• Provided information:
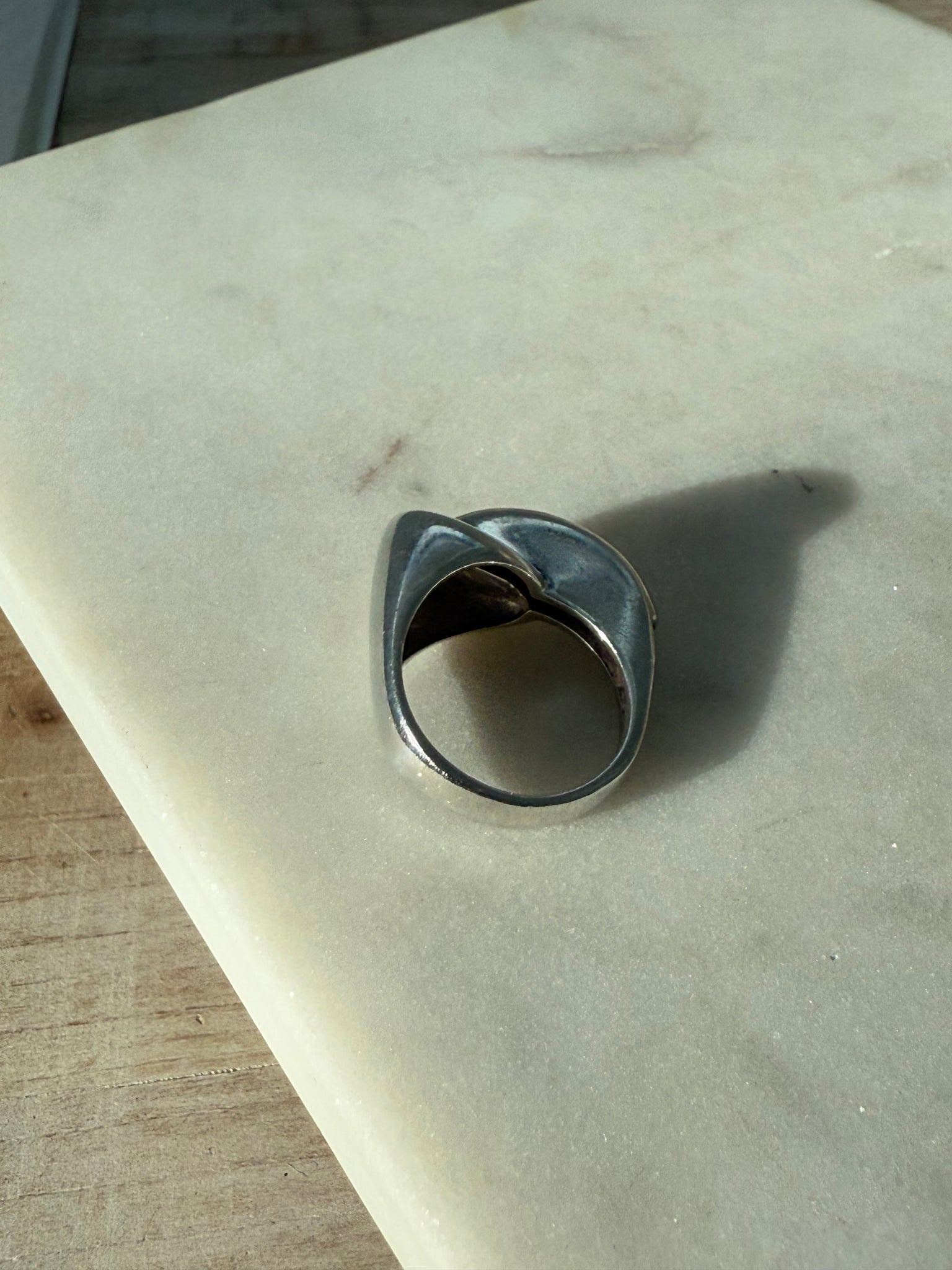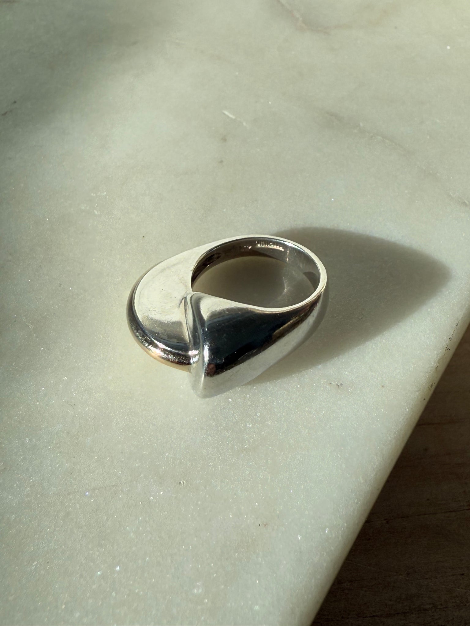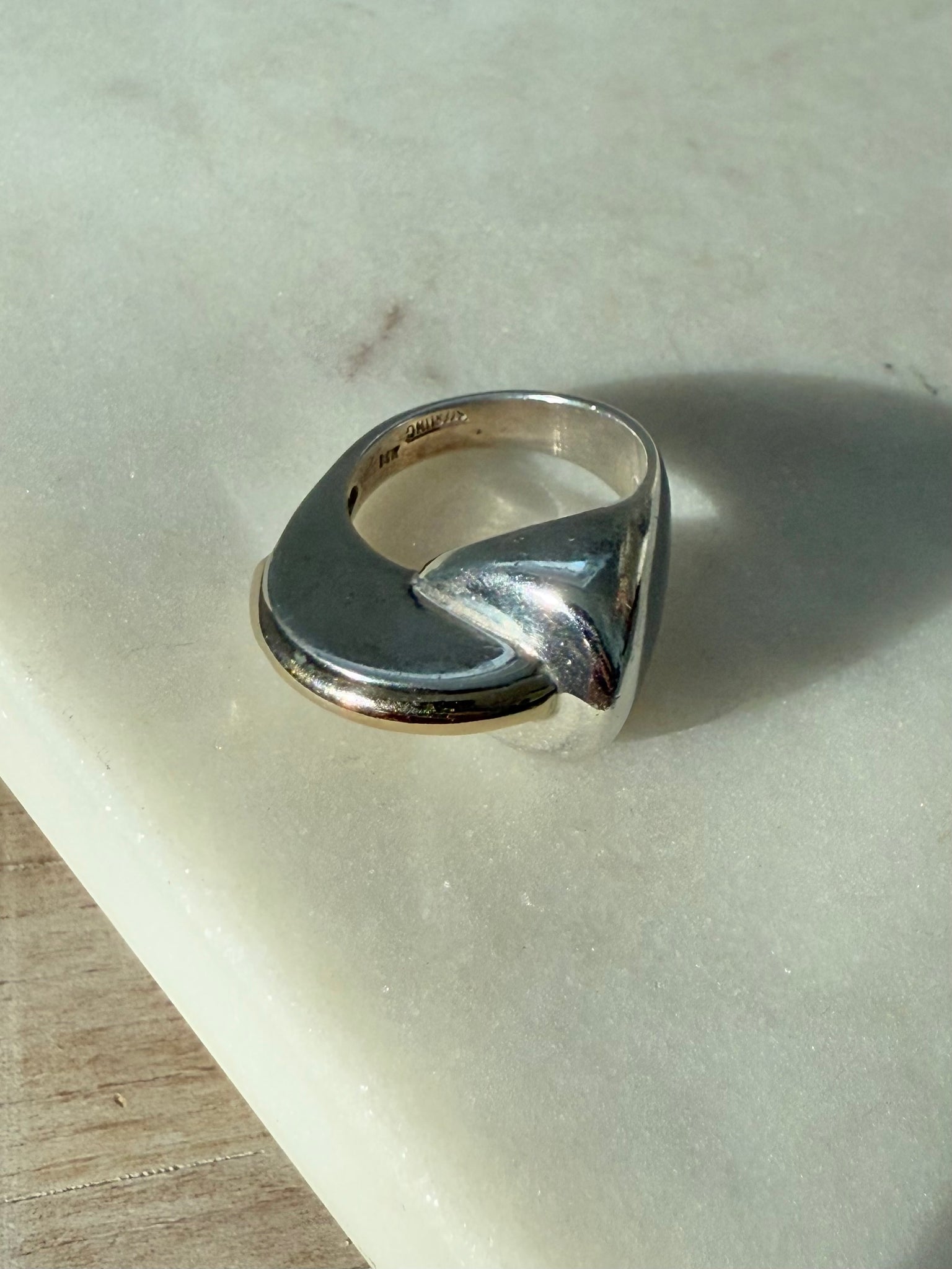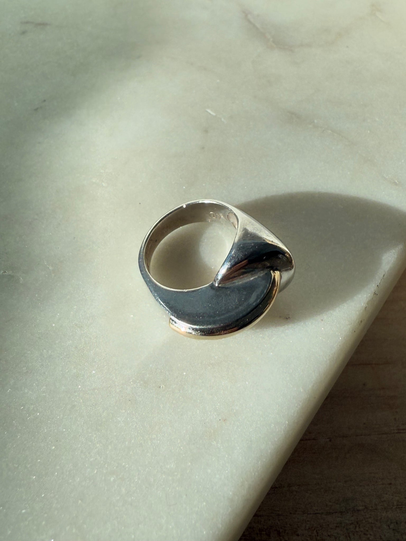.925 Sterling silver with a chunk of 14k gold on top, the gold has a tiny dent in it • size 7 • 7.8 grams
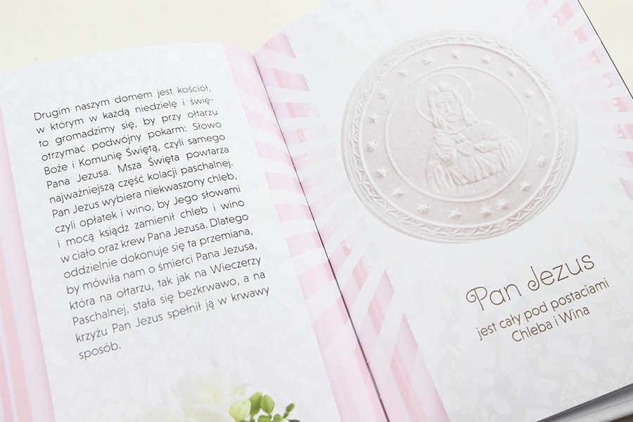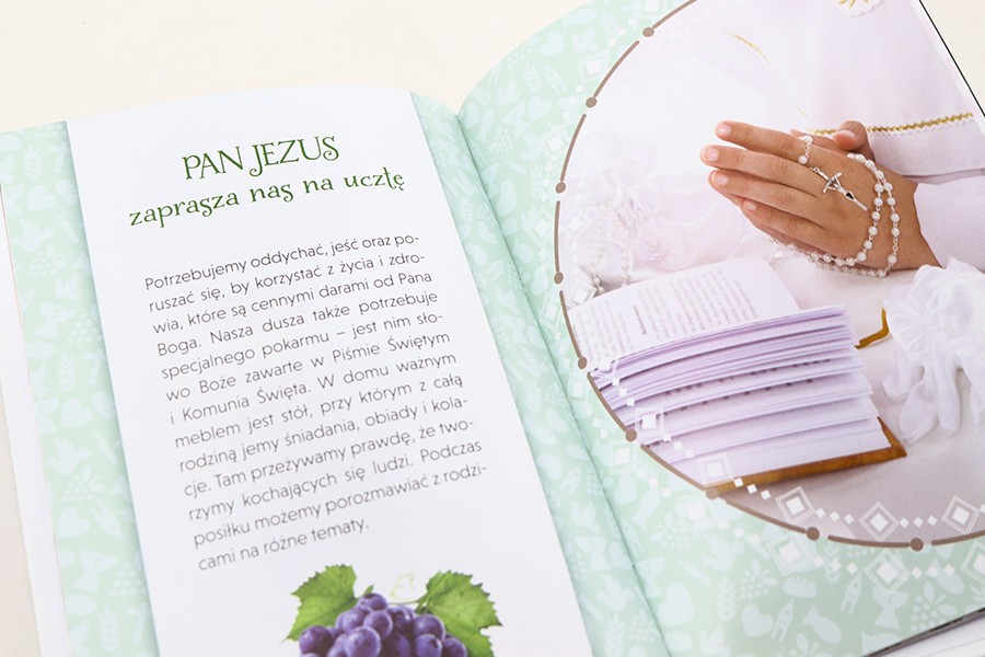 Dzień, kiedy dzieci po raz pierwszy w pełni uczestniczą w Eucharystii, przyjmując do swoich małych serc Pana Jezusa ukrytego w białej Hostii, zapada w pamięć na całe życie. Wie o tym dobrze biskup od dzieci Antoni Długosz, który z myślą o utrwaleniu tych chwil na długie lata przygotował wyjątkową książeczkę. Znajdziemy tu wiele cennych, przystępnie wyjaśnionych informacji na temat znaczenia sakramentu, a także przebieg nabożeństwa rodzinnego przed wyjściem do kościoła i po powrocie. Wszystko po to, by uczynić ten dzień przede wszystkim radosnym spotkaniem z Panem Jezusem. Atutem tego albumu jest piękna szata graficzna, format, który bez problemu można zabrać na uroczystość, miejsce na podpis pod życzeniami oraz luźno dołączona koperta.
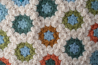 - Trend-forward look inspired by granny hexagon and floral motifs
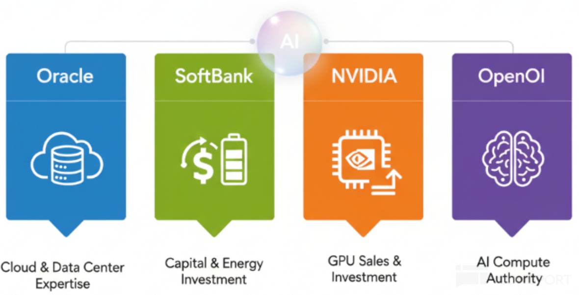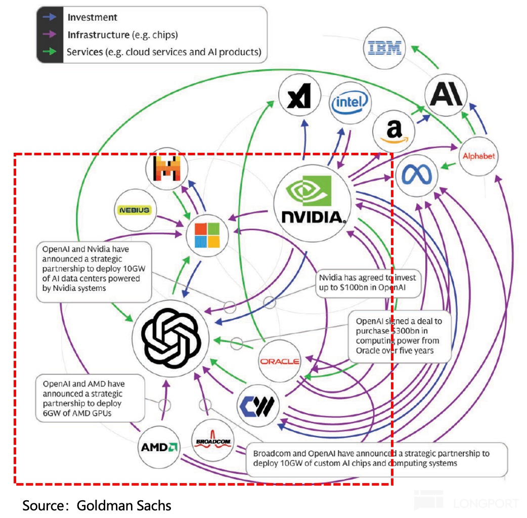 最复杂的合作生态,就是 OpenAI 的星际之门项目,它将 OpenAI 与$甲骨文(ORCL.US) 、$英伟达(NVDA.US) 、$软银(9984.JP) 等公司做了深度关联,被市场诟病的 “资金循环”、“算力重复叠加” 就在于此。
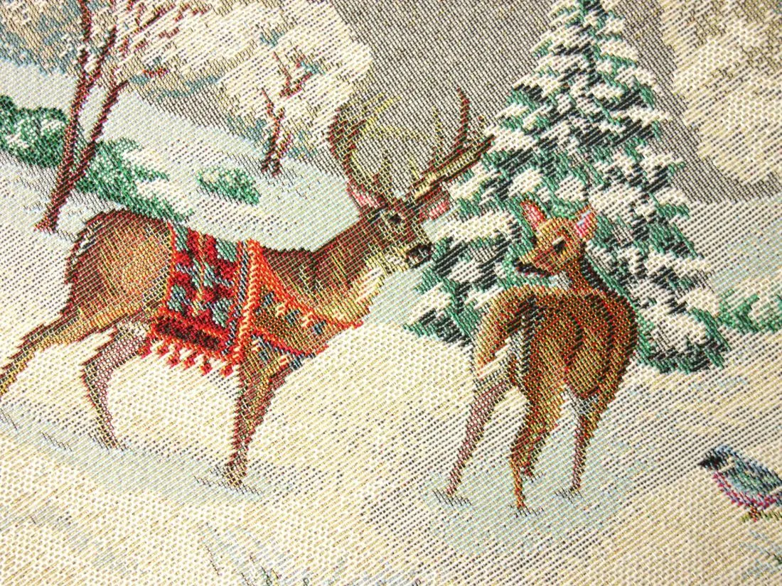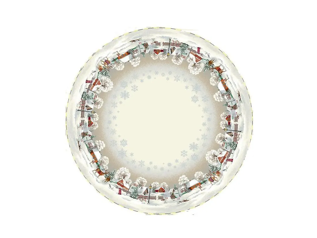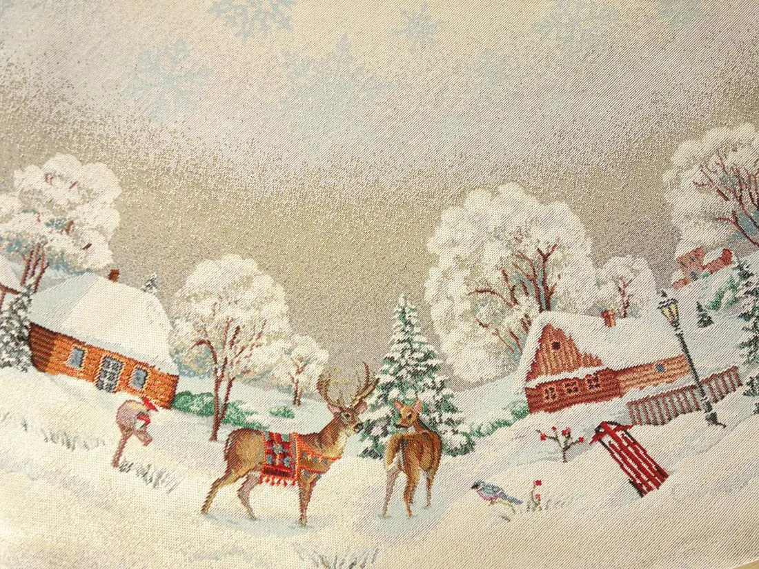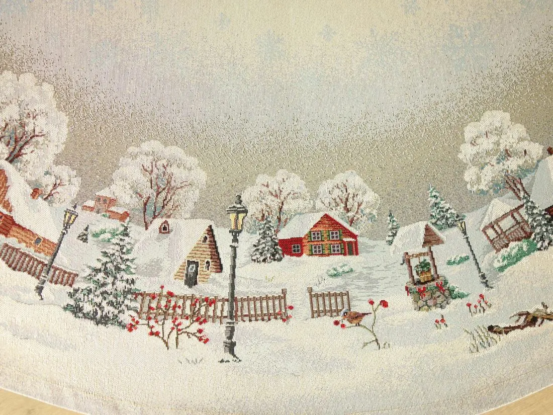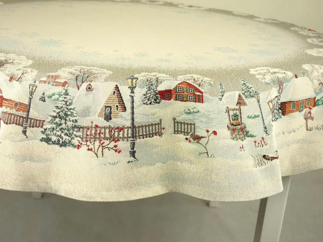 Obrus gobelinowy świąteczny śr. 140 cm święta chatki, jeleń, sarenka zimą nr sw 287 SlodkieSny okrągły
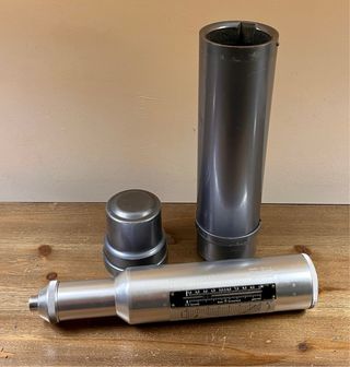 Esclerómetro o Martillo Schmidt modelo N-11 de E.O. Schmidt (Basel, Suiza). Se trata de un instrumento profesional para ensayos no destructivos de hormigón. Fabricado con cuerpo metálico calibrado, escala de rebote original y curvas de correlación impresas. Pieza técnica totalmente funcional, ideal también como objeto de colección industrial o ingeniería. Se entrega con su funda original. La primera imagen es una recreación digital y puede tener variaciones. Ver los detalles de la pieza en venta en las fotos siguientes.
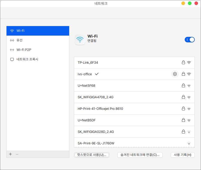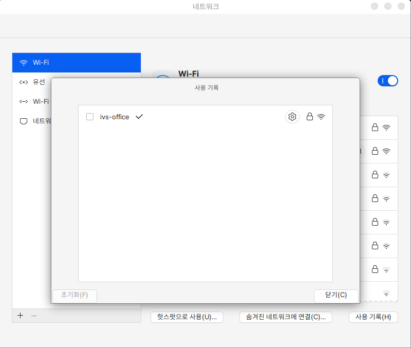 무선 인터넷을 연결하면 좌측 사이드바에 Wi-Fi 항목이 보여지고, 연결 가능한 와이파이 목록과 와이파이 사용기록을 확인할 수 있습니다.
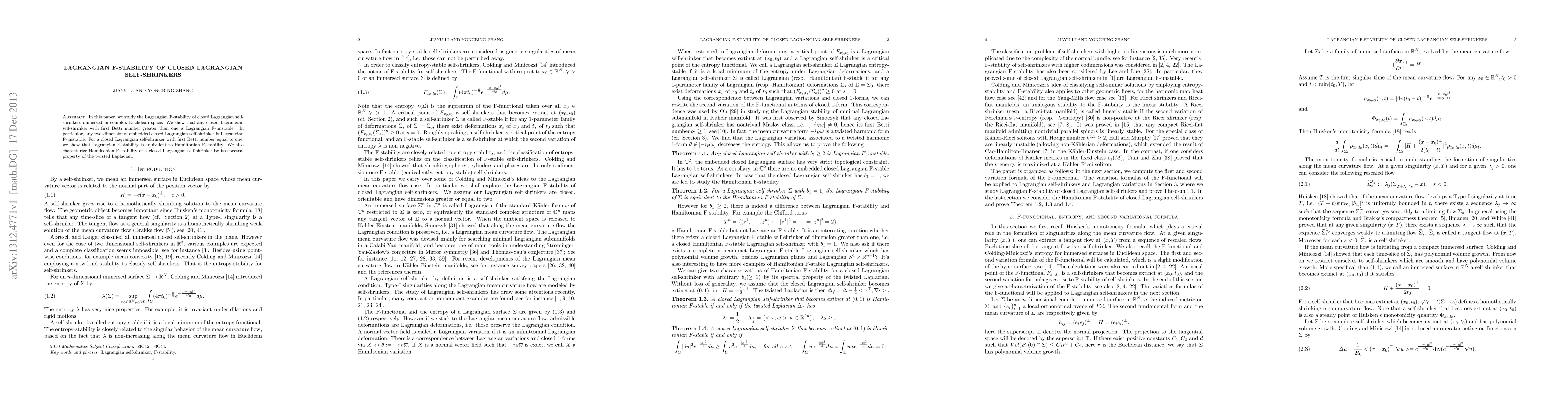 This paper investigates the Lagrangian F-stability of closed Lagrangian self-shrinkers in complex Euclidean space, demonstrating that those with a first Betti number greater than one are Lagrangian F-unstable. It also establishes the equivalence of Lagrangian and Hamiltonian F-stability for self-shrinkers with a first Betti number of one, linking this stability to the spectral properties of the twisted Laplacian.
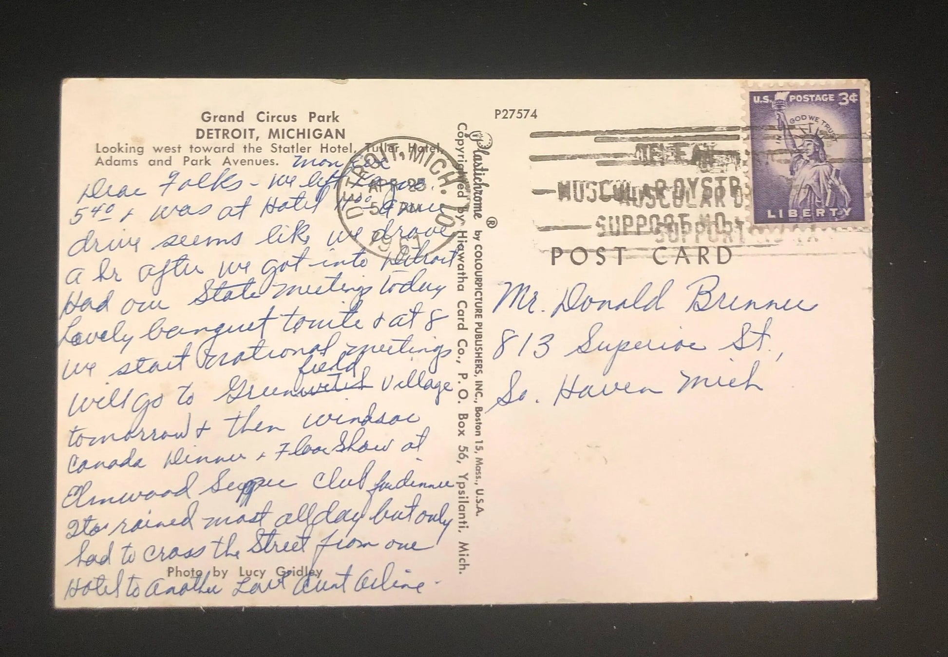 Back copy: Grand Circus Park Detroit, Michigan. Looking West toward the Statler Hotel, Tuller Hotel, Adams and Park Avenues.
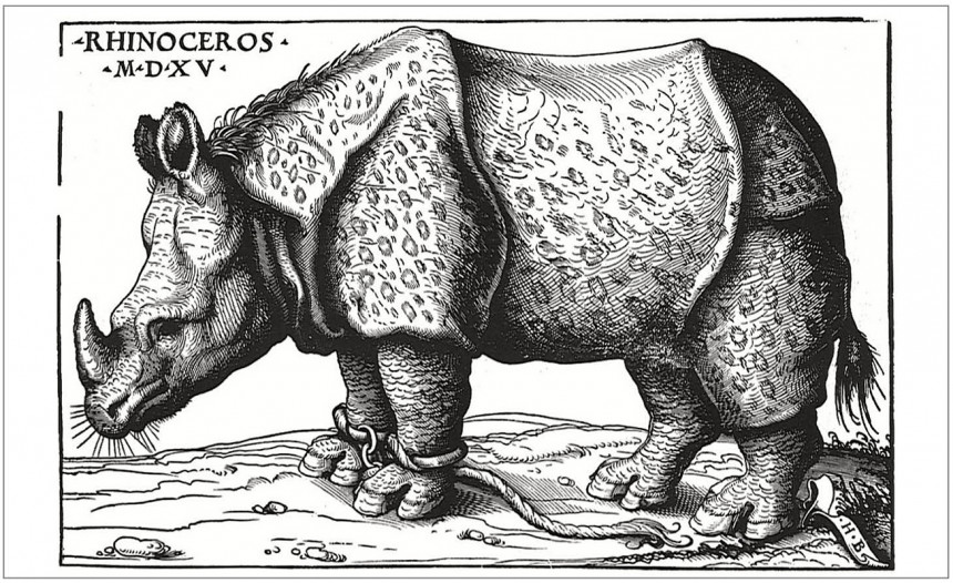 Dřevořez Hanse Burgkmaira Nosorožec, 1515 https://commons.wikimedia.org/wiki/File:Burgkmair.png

• What the exercise asks: Give all entries again verbatim, without any images.

• Exercise answer:
.925 Sterling silver with a chunk of 14k gold on top, the gold has a tiny dent in it • size 7 • 7.8 grams
 Dzień, kiedy dzieci po raz pierwszy w pełni uczestniczą w Eucharystii, przyjmując do swoich małych serc Pana Jezusa ukrytego w białej Hostii, zapada w pamięć na całe życie. Wie o tym dobrze biskup od dzieci Antoni Długosz, który z myślą o utrwaleniu tych chwil na długie lata przygotował wyjątkową książeczkę. Znajdziemy tu wiele cennych, przystępnie wyjaśnionych informacji na temat znaczenia sakramentu, a także przebieg nabożeństwa rodzinnego przed wyjściem do kościoła i po powrocie. Wszystko po to, by uczynić ten dzień przede wszystkim radosnym spotkaniem z Panem Jezusem. Atutem tego albumu jest piękna szata graficzna, format, który bez problemu można zabrać na uroczystość, miejsce na podpis pod życzeniami oraz luźno dołączona koperta.
 - Trend-forward look inspired by granny hexagon and floral motifs
 最复杂的合作生态,就是 OpenAI 的星际之门项目,它将 OpenAI 与$甲骨文(ORCL.US) 、$英伟达(NVDA.US) 、$软银(9984.JP) 等公司做了深度关联,被市场诟病的 “资金循环”、“算力重复叠加” 就在于此。
 Obrus gobelinowy świąteczny śr. 140 cm święta chatki, jeleń, sarenka zimą nr sw 287 SlodkieSny okrągły
 Esclerómetro o Martillo Schmidt modelo N-11 de E.O. Schmidt (Basel, Suiza). Se trata de un instrumento profesional para ensayos no destructivos de hormigón. Fabricado con cuerpo metálico calibrado, escala de rebote original y curvas de correlación impresas. Pieza técnica totalmente funcional, ideal también como objeto de colección industrial o ingeniería. Se entrega con su funda original. La primera imagen es una recreación digital y puede tener variaciones. Ver los detalles de la pieza en venta en las fotos siguientes.
 무선 인터넷을 연결하면 좌측 사이드바에 Wi-Fi 항목이 보여지고, 연결 가능한 와이파이 목록과 와이파이 사용기록을 확인할 수 있습니다.
 This paper investigates the Lagrangian F-stability of closed Lagrangian self-shrinkers in complex Euclidean space, demonstrating that those with a first Betti number greater than one are Lagrangian F-unstable. It also establishes the equivalence of Lagrangian and Hamiltonian F-stability for self-shrinkers with a first Betti number of one, linking this stability to the spectral properties of the twisted Laplacian.
 Back copy: Grand Circus Park Detroit, Michigan. Looking West toward the Statler Hotel, Tuller Hotel, Adams and Park Avenues.
 Dřevořez Hanse Burgkmaira Nosorožec, 1515 https://commons.wikimedia.org/wiki/File:Burgkmair.png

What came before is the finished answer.